EXERCISE INSTRUCTIONS:
In the entries below, find the line with "Los integrantes del" and the line with "Farmers take care". Return those two lines and all lines between them, exactly.

EXTRACTED DATA:
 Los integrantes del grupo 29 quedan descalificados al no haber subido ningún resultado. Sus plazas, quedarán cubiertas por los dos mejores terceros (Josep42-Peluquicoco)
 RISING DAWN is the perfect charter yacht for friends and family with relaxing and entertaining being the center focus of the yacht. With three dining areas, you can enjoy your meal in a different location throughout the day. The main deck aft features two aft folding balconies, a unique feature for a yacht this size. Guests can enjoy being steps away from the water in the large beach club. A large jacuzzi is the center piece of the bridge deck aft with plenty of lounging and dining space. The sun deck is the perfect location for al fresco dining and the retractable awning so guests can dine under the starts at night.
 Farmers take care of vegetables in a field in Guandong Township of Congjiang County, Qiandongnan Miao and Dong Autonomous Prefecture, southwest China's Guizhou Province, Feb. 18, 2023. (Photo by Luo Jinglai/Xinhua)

--

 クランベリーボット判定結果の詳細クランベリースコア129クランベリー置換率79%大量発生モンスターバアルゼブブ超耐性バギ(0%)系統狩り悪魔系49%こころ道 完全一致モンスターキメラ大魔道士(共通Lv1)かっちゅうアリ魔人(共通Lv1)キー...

--

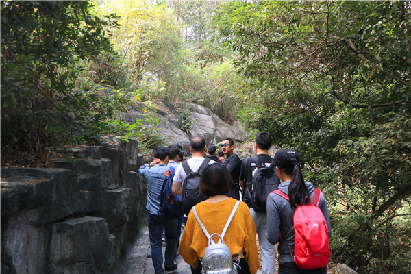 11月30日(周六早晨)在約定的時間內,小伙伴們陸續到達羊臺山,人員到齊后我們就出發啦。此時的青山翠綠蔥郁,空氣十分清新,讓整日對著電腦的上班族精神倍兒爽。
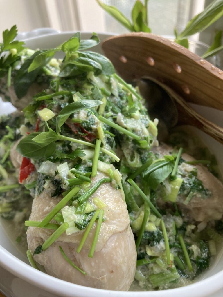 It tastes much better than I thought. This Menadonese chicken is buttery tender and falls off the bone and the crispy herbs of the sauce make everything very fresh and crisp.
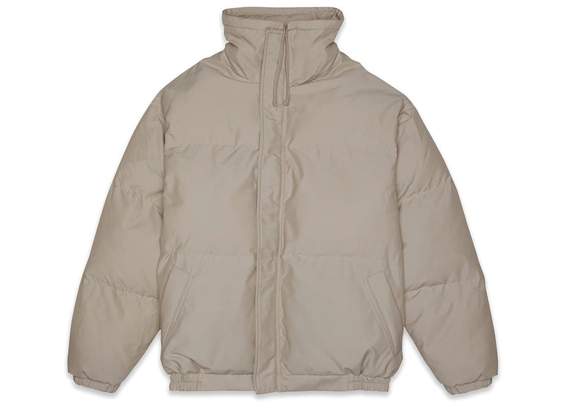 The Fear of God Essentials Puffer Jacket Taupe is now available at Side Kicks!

RESULT OF THIS EXERCISE:
 Los integrantes del grupo 29 quedan descalificados al no haber subido ningún resultado. Sus plazas, quedarán cubiertas por los dos mejores terceros (Josep42-Peluquicoco)
 RISING DAWN is the perfect charter yacht for friends and family with relaxing and entertaining being the center focus of the yacht. With three dining areas, you can enjoy your meal in a different location throughout the day. The main deck aft features two aft folding balconies, a unique feature for a yacht this size. Guests can enjoy being steps away from the water in the large beach club. A large jacuzzi is the center piece of the bridge deck aft with plenty of lounging and dining space. The sun deck is the perfect location for al fresco dining and the retractable awning so guests can dine under the starts at night.
 Farmers take care of vegetables in a field in Guandong Township of Congjiang County, Qiandongnan Miao and Dong Autonomous Prefecture, southwest China's Guizhou Province, Feb. 18, 2023. (Photo by Luo Jinglai/Xinhua)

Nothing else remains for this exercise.